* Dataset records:

----------------

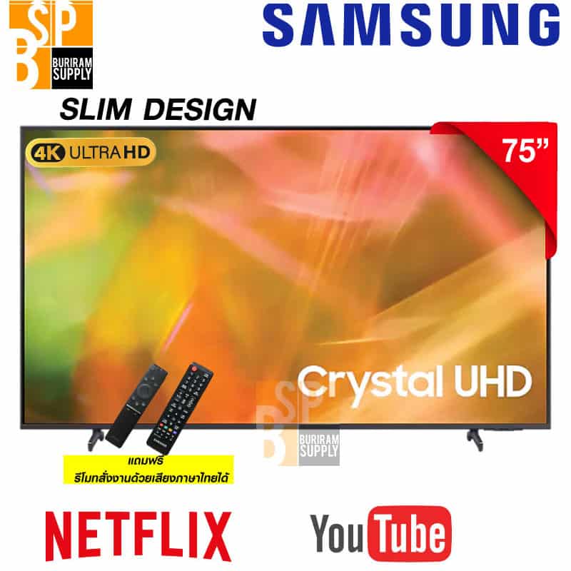 Samsung AU8100 Crystal UHD 4K Smart TV (2021) – ขนาด 75 นิ้ว สีสดสมจริงด้วยเทคโนโลยี Dynamic Crystal Color พร้อมทั้งเทคโนโลยี HDR ขับรายละเอียดภาพทั้งฉากมืดและสว่าง
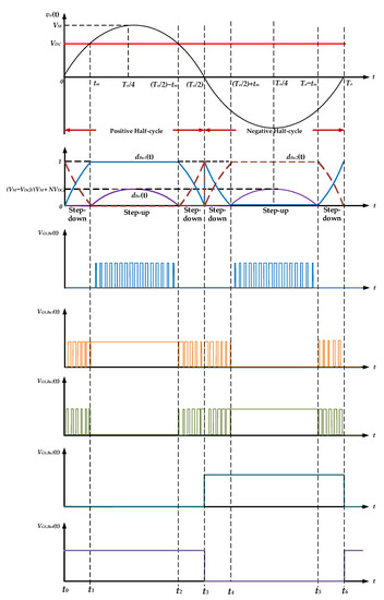 Figure 5 presents the timing diagram of the proposed high-gain inverter within one cycle of output voltage vo(t), where VM is the amplitude of vo(t), To is the period of vo(t), and dBo(t), dBu1(t), and dBu3(t) are the duty ratios of switches SBo, SBu1, and SBu3. Additionally, VGS,Bo(t), VGS,Bu1(t), VGS,Bu2(t), VGS,Bu3(t), and VGS,Bu4(t) are the conceptual gate-driving signals of all power switches.
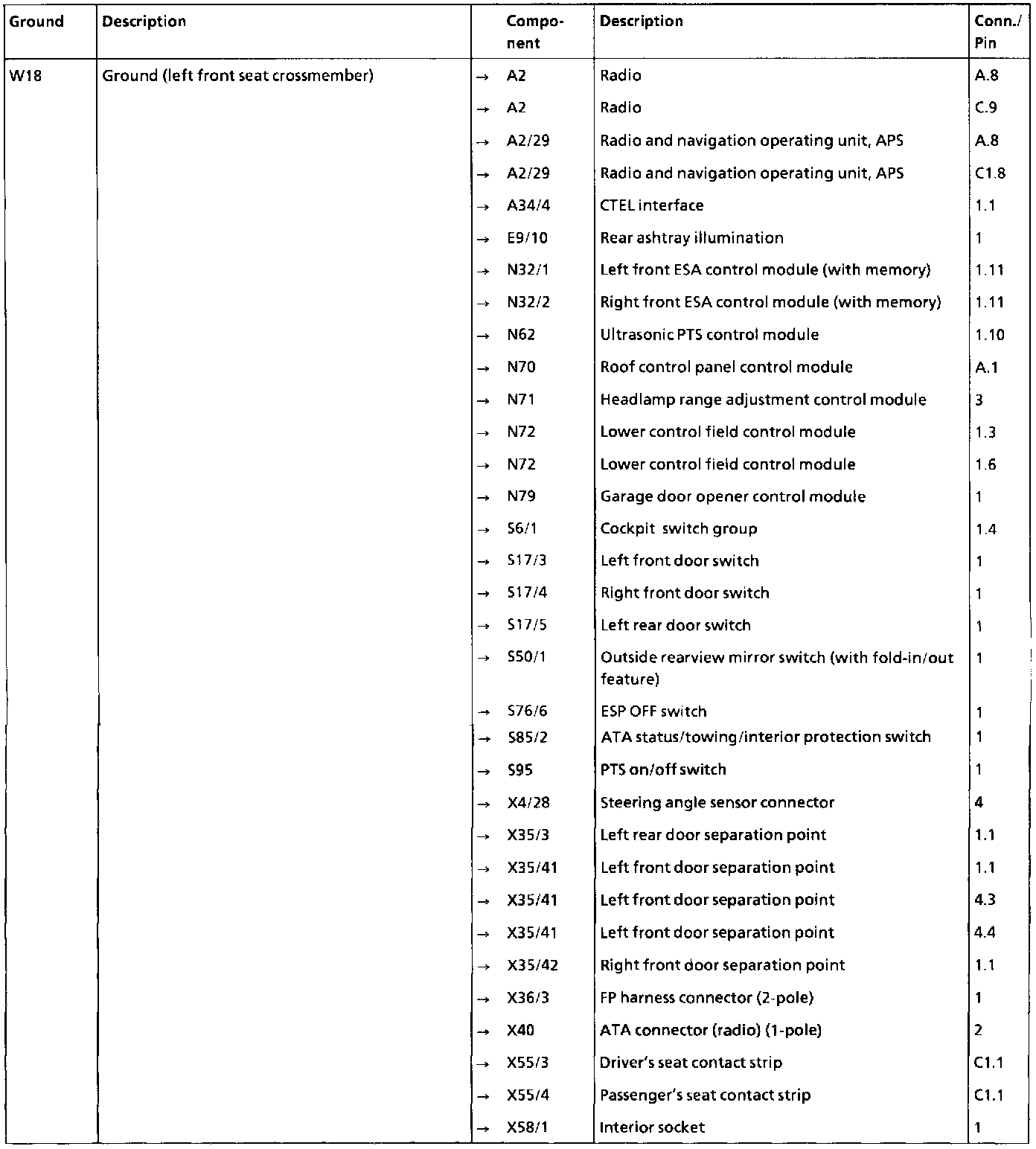 Arrangement and assignment of ground terminals, interior compartment (left)
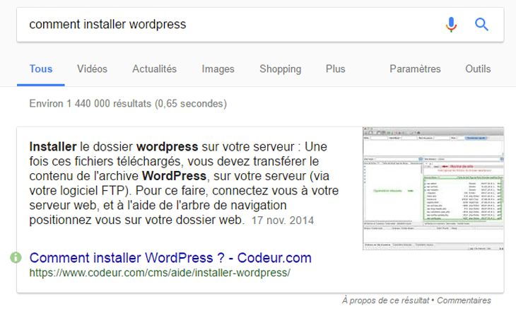 Dans cet exemple et pour la requête « comment installer wordpress », c’est le site populaire codeur.com qui est relié à la Google answer box. L’aspect positif pour l’internaute est qu’il est au courant d’une partie du contenu de l’article sans avoir à cliquer sur un lien.
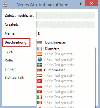 Die Beschreibung erscheint in PARTdataManager, in der Tabelle unterhalb des Variablennames in der eingestellten $CADENAS_LANGUAGE.. Vergleiche Abb. oben.
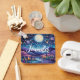 Personalised keychain with a beautiful illustration. Whimsical and fanciful vibe. A big glowing moon with stars all around. Hanging over a lovely landscape of trees, mountains and a winding river. Awesome magical mystical vibe.
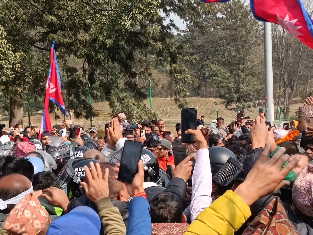 प्रशासनले विमानस्थल क्षेत्रमा निषेधाज्ञा जारी गरेपनि ठूलो संख्यामा राजसंस्था समर्थकहरु स्वागतका लागि पुगेका थिए। उनीहरुले राजसंस्था समर्थित नारा लगाएका थिए। पूर्वराजा शाह शुक्रबार हेलिकप्टरमार्फत झापाबाट काठमाडौं आएका थिए।
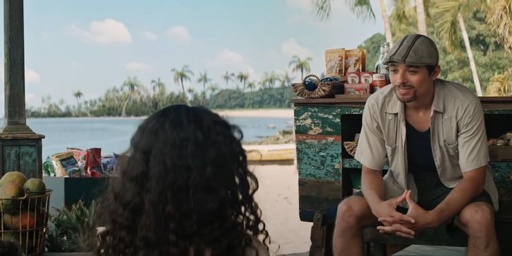 A diferencia del musical, el En las alturas La película implementa un nuevo dispositivo de encuadre en el que Usnavi (Anthony Ramos), presumiblemente del futuro, narra la historia principal a un grupo de niños en una playa lejana. A lo largo de la película, la acción se interrumpe con frecuencia con cortes cortos al lugar tropical de Usnavi, que al final de la película nos enteramos que es en realidad una especie de espejismo, una manifestación de la sueñito – o “pequeño sueño” – eso podría haber sido si el dueño de la bodega, que habla rápido, hubiera llegado a su avión con destino a República Dominicana. Resulta que uno de los niños que ha estado escuchando su historia es la propia hija de Usnavi, Iris, a quien tuvo con Vanessa (Melissa Barrera).
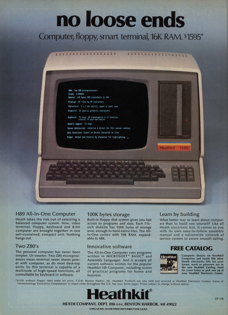 | DESCRIPTION | Ad for Heathkit H89 microcomputer, with feature set and storage availability (100k!) From Popular Electronics April 1980 issue (1980) |
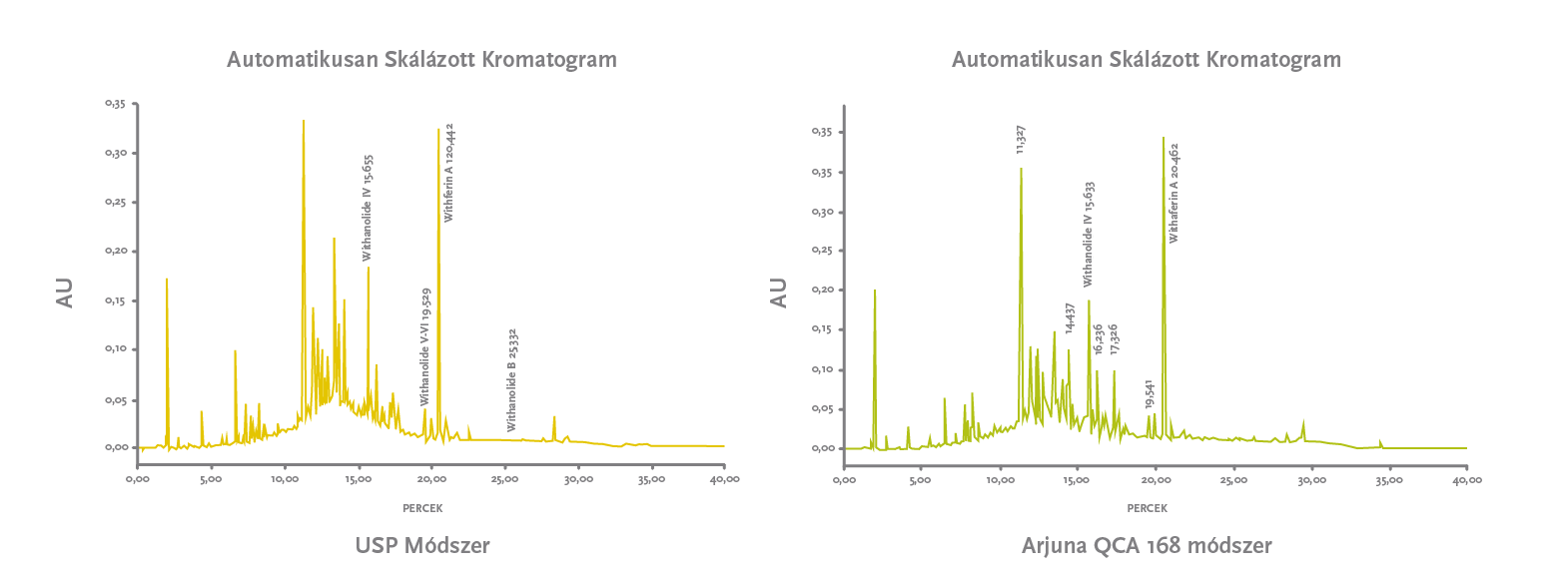 Nemrégen egy ún. kromatográfiai vizsgálat eredményeire lettünk figyelmesek, ahol összehasonlították a KSM-66®, a Sensoril® és a Shoden® ashwagandha-kivonatokat. A vizsgálat eredménye visszaigazolta egyrészt, amit eddig is tudtunk: a Sensoril® lényegesen szélesebb hatóanyagspektrummal rendelkezik, mint a KSM-66®. (A Sensoril® ún. HPLC-kromatogramján sokkal több csúcs látszódott. Minden csúcs egy hatóanyagot jelent). Amin viszont meglepődtünk, hogy a Shoden® HPLC-kromatogramján még a Sensoril®-éhoz képest is sokkal több csúcs szerepelt, azaz még annál is lényegesen szélesebb hatóanyagspektrumú, avagy a botanikai ujjlenyomat tökéletes megőrzésre került.
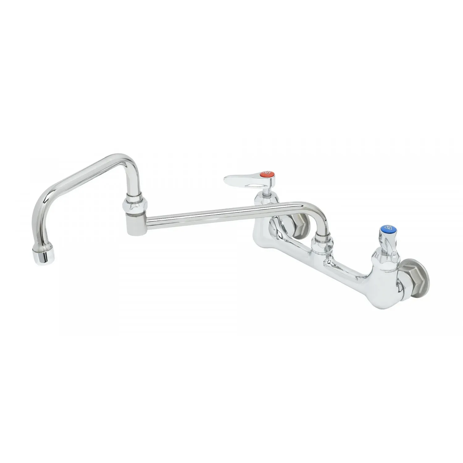 Maximize System Performance with the T&S Brass B-0266-CR-SC Pantry Faucet. Designed specifically for commercial restaurant use, this 8" wall mount mixing faucet is a must-have for any professional kitchen. The polished chrome plated brass body not only adds a touch of elegance but also ensures durability and longevity, even in the busiest of kitchens. The 15" double joint swing nozzle with a 9" back nozzle and 6" front nozzle provides flexibility and ease of use, allowing for precise control over water flow. The check-valve ceramas further enhance the faucet's performance, preventing backflow and ensuring a clean and safe water supply. With a lock washer provided for rigid application, this faucet is easy to install and will seamlessly integrate into your existing plumbing system. Trust T&S Brass for reliable and high-quality restaurant equipment.
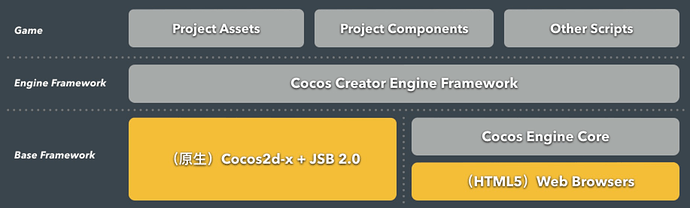 类似这样的一个架构,最终两种流程,暴露给了用户同样的js层接口,就是我们的引擎API。
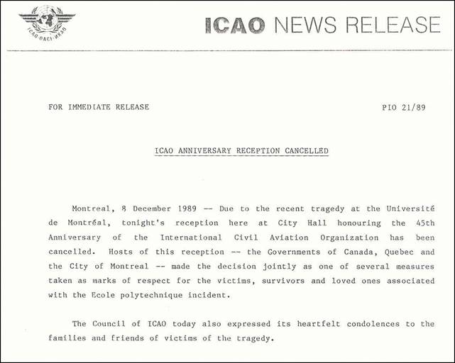 In December 1989, ICAO planned to celebrate its 45th anniversary. Celebrations had to be cancelled further to the École Polytechnique Massacre, also known as the Montréal Massacre, occurred on 6 December 1989, at the École Polytechnique in Montréal (an engineering school affiliated with the Université de Montréal), Québec, Canada. See ICAO’s News releases hereafter.
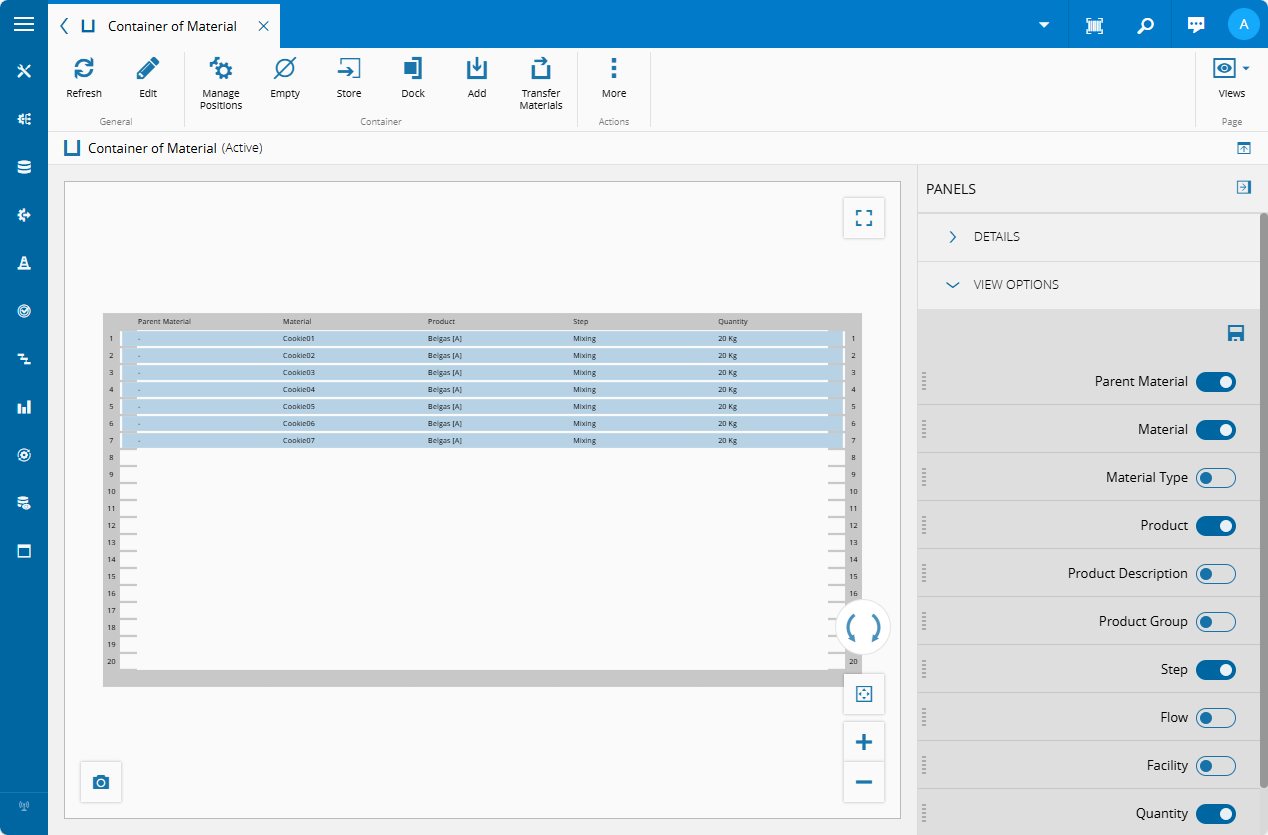 A Material Container has a capacity defined by positions available for a given Material unit. A Container can hold multiple Materials, but each position can contain only one Material.
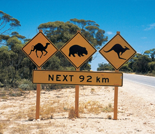 | Nous avons emprunté « la seule route » pour nous rendre dans le Western Australia en traversant la plaine du Nullarbor et c’est 3 000kms pour aller jusqu’à Perth. Pour vous rendre compte, cela représente un Paris-Moscou. En plus, on emprunte une ligne droite de 146kms. Déroutant ! Pendant la traversée, des paysages à perte de vue s’offraient à nous, remplis d’animaux sauvages (kangourous, dingos, chameaux, aigles). Un régal pour les yeux ! Chose vraiment bien faite en Australie, les rest Area (air de repos) sont multiples sur la route pour y passer la nuit en campement sauvage. Après une longue journée de route, s’installer en plein milieu de la nature, préparer et allumer un feu de camp sous les étoiles. Ces choses là n’ont pas de prix. De plus, les personnes sont souvent très amicales, et les conversations vite engagées autour du feu. |
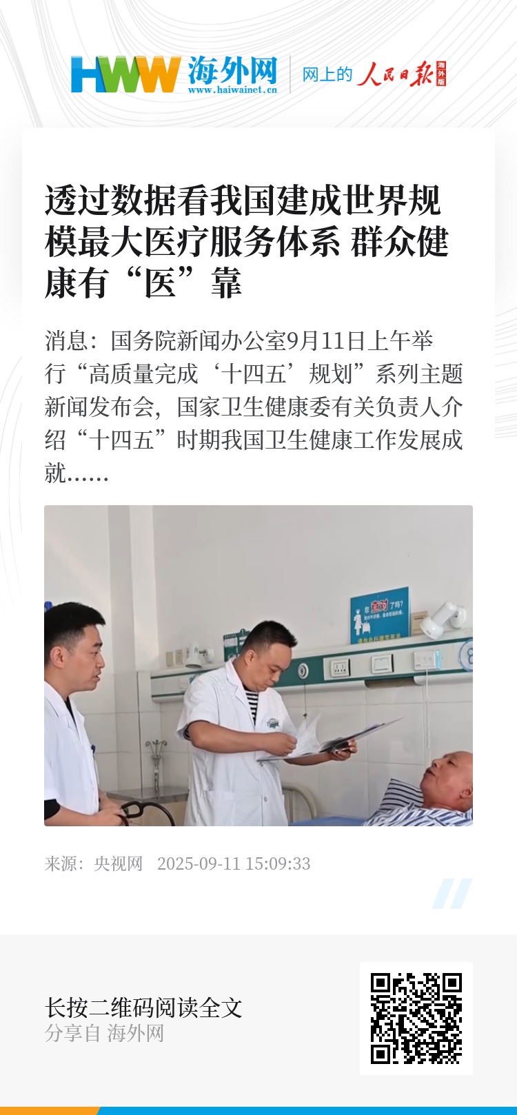国家卫生健康委主任雷海潮称:“推动资源和服务贴近群众。推动优质医疗资源向中西部、东北地区、省域内人口较多城市延伸和基层下沉。截至2025年8月,全国已有338个地市(州、盟)互认医学检查化验项目超过200项。县域医学影像、心电等资源共享中心及中心药房普遍建立。81个城市将完成紧密型城市医疗集团建设试点工作,2199个县(市、区)开展紧密型县域医共体建设。2024年全国双向转诊人次达到3600万,较2020年增长46%,群众上下转诊更方便。”
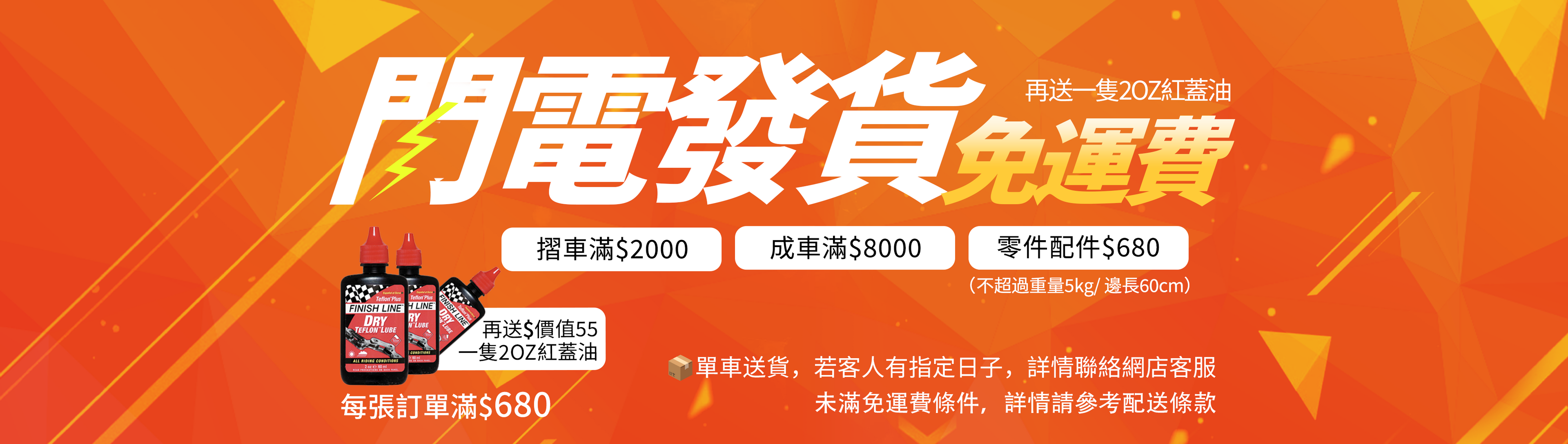 買滿$680或以上配件 / $2000或以上摺車 / $8000或以上成車包本地郵寄
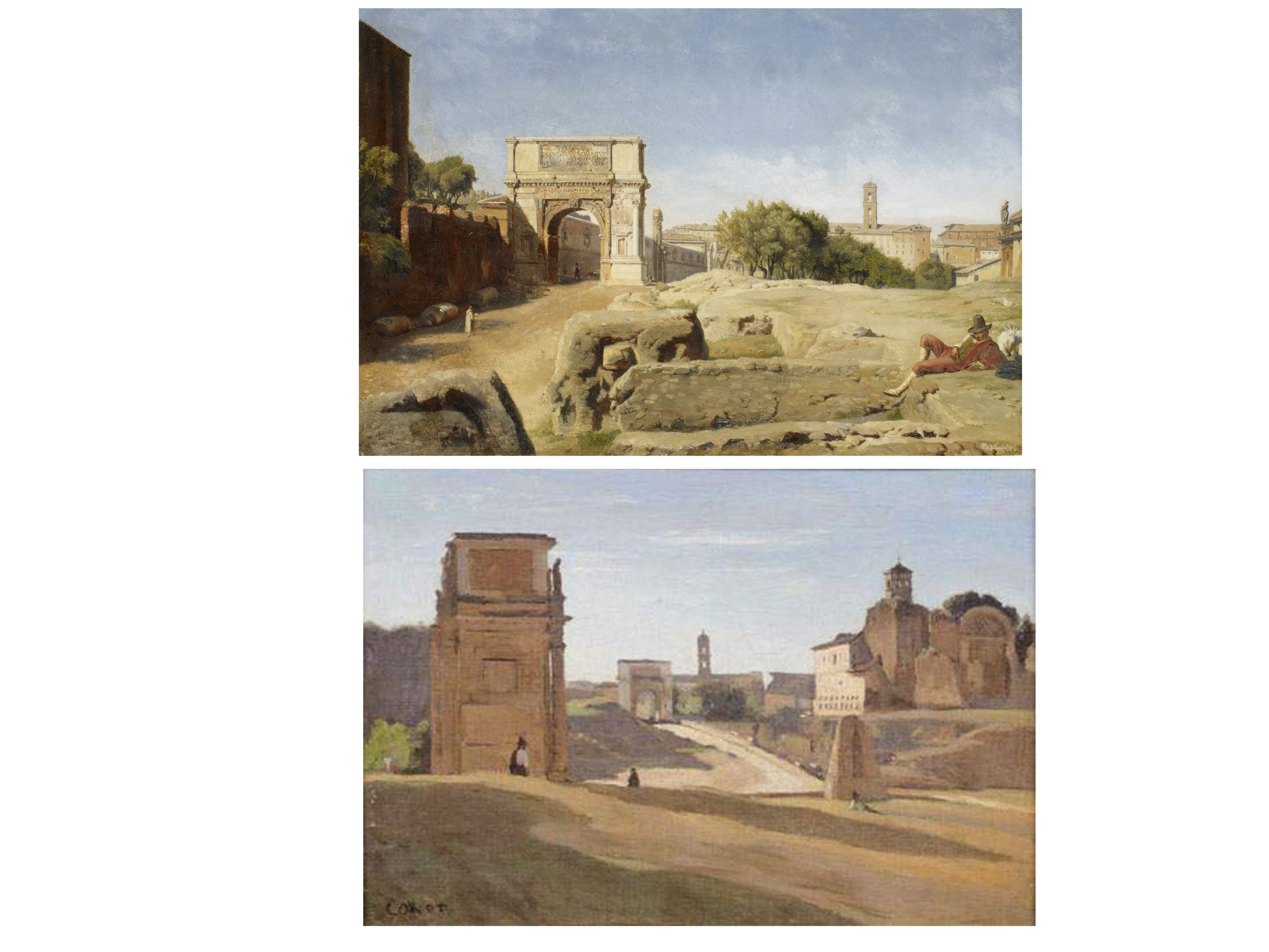 Non seulement détours, mais plus encore voyages à pied, jusqu’en Italie ; mais plus parfois que le but, c’est l’itinéraire que Corot semble mettre en scène.

----------------

* Problem description:
After locating the line containing "Die Beschreibung erscheint" in the entries above, return it and every line after it exactly, ending at the line containing "प्रशासनले विमानस्थल क्षेत्रमा", without pictures.

* Reply:
 Die Beschreibung erscheint in PARTdataManager, in der Tabelle unterhalb des Variablennames in der eingestellten $CADENAS_LANGUAGE.. Vergleiche Abb. oben.
 Personalised keychain with a beautiful illustration. Whimsical and fanciful vibe. A big glowing moon with stars all around. Hanging over a lovely landscape of trees, mountains and a winding river. Awesome magical mystical vibe.
 प्रशासनले विमानस्थल क्षेत्रमा निषेधाज्ञा जारी गरेपनि ठूलो संख्यामा राजसंस्था समर्थकहरु स्वागतका लागि पुगेका थिए। उनीहरुले राजसंस्था समर्थित नारा लगाएका थिए। पूर्वराजा शाह शुक्रबार हेलिकप्टरमार्फत झापाबाट काठमाडौं आएका थिए।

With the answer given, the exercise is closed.